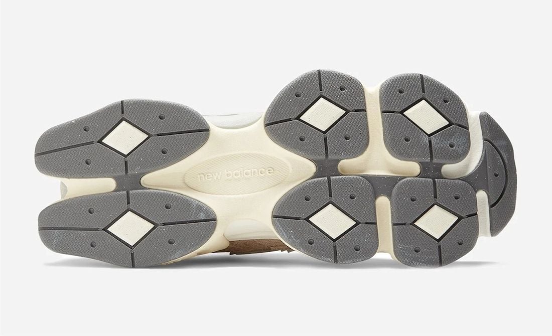 Looking closer, this New Balance 9060 comes constructed with leather, mesh, and suede. Utilizing White mesh across the base, Tan suede overlays, and Off White leather on the โNโ logos and heels. The rest of the New Balance branding appears in the signature locations, while the shoes come with a dual-density midsole paired with ABZORB and SBS cushioning. Lastly, a diamond pattern outsole finishes the look.
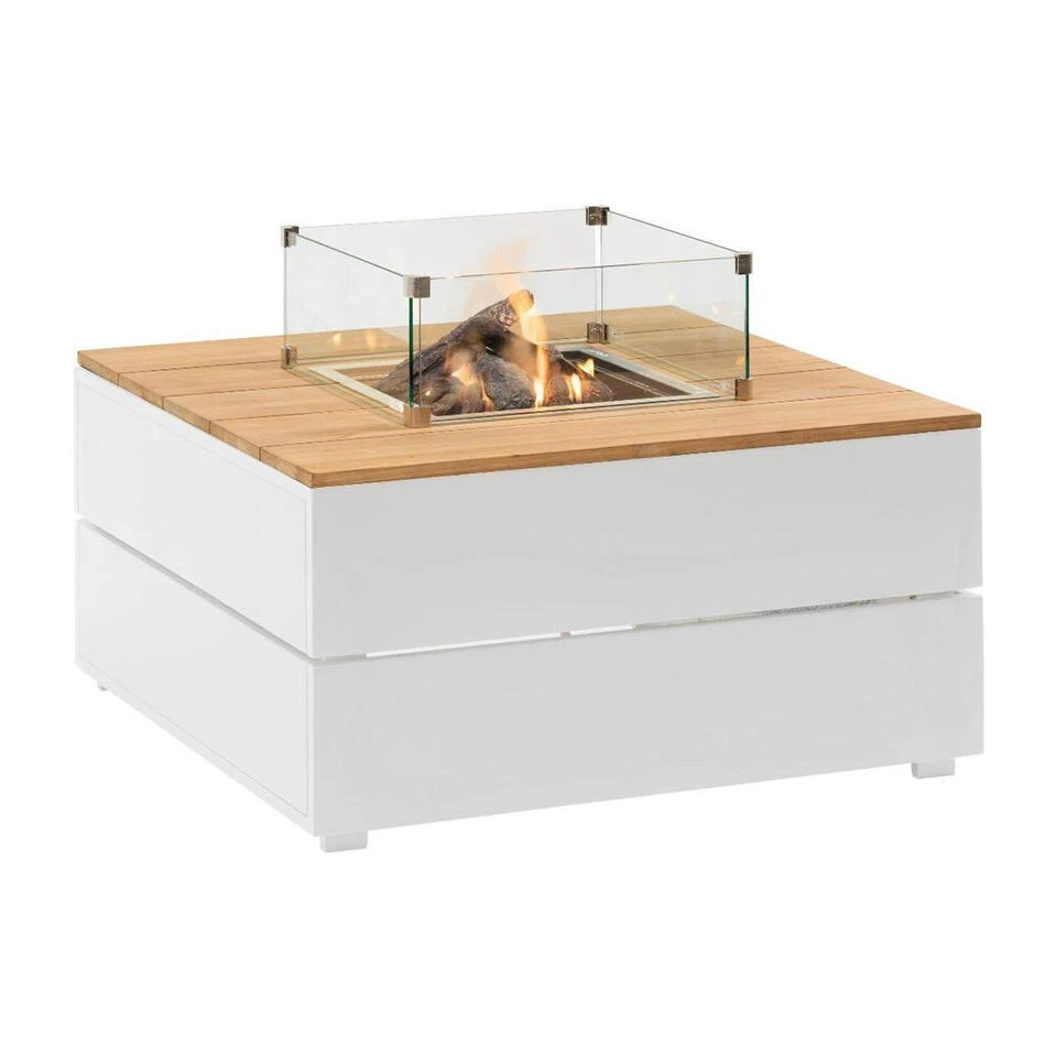 Ook op minder warme zomerdagen of tot laat in de avond lekker comfortabel buiten zitten? Maak jouw lounge compleet met de Cosipure vuurtafel 100 x 100 cm wit met teakhouten blad.
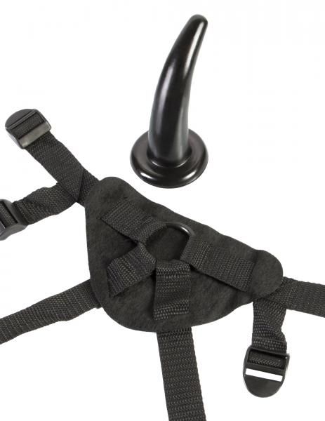 Fetish Fantasy Series Limited Edition The Pegger Black. You teased him first with a tongue or finger, and now he wants more! Give your boy toy the satisfaction he craves with the Pegger strap on. This slim jelly dildo is perfectly sized for his first anal encounter. It is small enough not to intimidate but big enough to deliver big time thrills. Plus, it is cleverly curved to reach his sweet spot with ease. The durable 4 way nylon straps easily adjusts to fit most sizes while the plush lined harness comfortably stays in place when the action heats up. One size fits most. Always clean before and after use plus between partners. Features and Functions: Phthalates Free, Harness Compatible, Unisex. Materials Harness Nylon, Dildo PVC, O-Ring Silicone. Country of origin China.
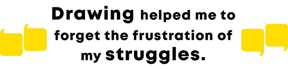 Drawing and playing with art helped me to forget the frustration of my struggles with verbal communication. It also helped me express my emotions.
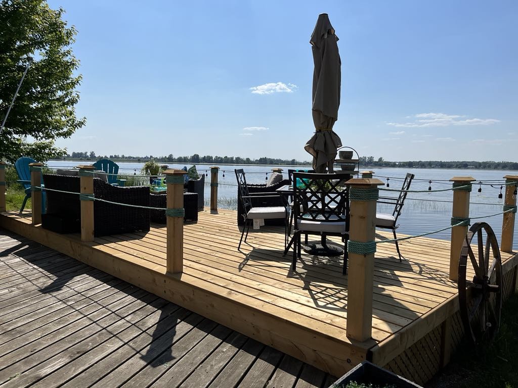This unique, tranquil and fully self-contained getaway waterfront property is ideally west-facing, right on Lower Rideau Lake that gives the best sunset views you'll ever see! YOU WILL HAVE THE ENTIRE GROUND FLOOR/WALK-OUT TO YOURSELF which has been thoughtfully designed for relaxation and recreation, access to 2 paddle boards, kayaks & amazing waterfront. Enjoy the Fully Screened in Porch, beautiful walk out with fire pit facing waterfront above and another one below in front of lake.
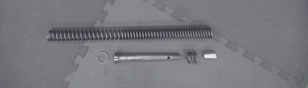 これがノーマルフロントフォーク(フリーピストンタイプ)の主要パーツ、スプリングとダンパーシリンダ、リバウンドスプリングとオイルロックピースです。
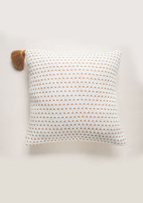 Discover a world where craftsmanship meets contemporary elegance with our exclusive Lula Mena Handwoven Pillow Collection. These square cover pillows are meticulously handwoven on traditional looms, presenting a captivating blend of cultural identity and modern design. The white base serves as a canvas for vibrant horizontal pointed lines in copper, blue, gray, brick, and turquoise, adorned with a charming tassel at the left upper corner.
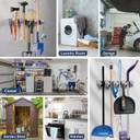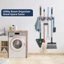 Great for laundry room organization.It holds broom, mop, stick vacuum, and microfiber mop to keep them up off the ground.
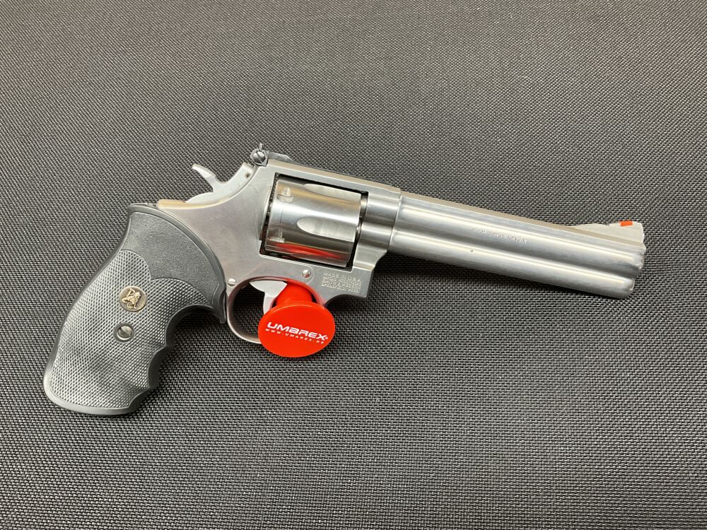 Gebrauchtwaffe, professionell gereinigt und vom Büchsenmacher überprüft! 6 Zoll-Lauf; 6 Schuss-Trommel

# # # # #

# [EXERCISE BRIEF]
Reproduce the whole listing word for word, setting aside any pictures.

# [ANSWER BOX]
 Looking closer, this New Balance 9060 comes constructed with leather, mesh, and suede. Utilizing White mesh across the base, Tan suede overlays, and Off White leather on the โNโ logos and heels. The rest of the New Balance branding appears in the signature locations, while the shoes come with a dual-density midsole paired with ABZORB and SBS cushioning. Lastly, a diamond pattern outsole finishes the look.
 Ook op minder warme zomerdagen of tot laat in de avond lekker comfortabel buiten zitten? Maak jouw lounge compleet met de Cosipure vuurtafel 100 x 100 cm wit met teakhouten blad.
 Fetish Fantasy Series Limited Edition The Pegger Black. You teased him first with a tongue or finger, and now he wants more! Give your boy toy the satisfaction he craves with the Pegger strap on. This slim jelly dildo is perfectly sized for his first anal encounter. It is small enough not to intimidate but big enough to deliver big time thrills. Plus, it is cleverly curved to reach his sweet spot with ease. The durable 4 way nylon straps easily adjusts to fit most sizes while the plush lined harness comfortably stays in place when the action heats up. One size fits most. Always clean before and after use plus between partners. Features and Functions: Phthalates Free, Harness Compatible, Unisex. Materials Harness Nylon, Dildo PVC, O-Ring Silicone. Country of origin China.
 Drawing and playing with art helped me to forget the frustration of my struggles with verbal communication. It also helped me express my emotions.
This unique, tranquil and fully self-contained getaway waterfront property is ideally west-facing, right on Lower Rideau Lake that gives the best sunset views you'll ever see! YOU WILL HAVE THE ENTIRE GROUND FLOOR/WALK-OUT TO YOURSELF which has been thoughtfully designed for relaxation and recreation, access to 2 paddle boards, kayaks & amazing waterfront. Enjoy the Fully Screened in Porch, beautiful walk out with fire pit facing waterfront above and another one below in front of lake.
 これがノーマルフロントフォーク(フリーピストンタイプ)の主要パーツ、スプリングとダンパーシリンダ、リバウンドスプリングとオイルロックピースです。
 Discover a world where craftsmanship meets contemporary elegance with our exclusive Lula Mena Handwoven Pillow Collection. These square cover pillows are meticulously handwoven on traditional looms, presenting a captivating blend of cultural identity and modern design. The white base serves as a canvas for vibrant horizontal pointed lines in copper, blue, gray, brick, and turquoise, adorned with a charming tassel at the left upper corner.
 Great for laundry room organization.It holds broom, mop, stick vacuum, and microfiber mop to keep them up off the ground.
 Gebrauchtwaffe, professionell gereinigt und vom Büchsenmacher überprüft! 6 Zoll-Lauf; 6 Schuss-Trommel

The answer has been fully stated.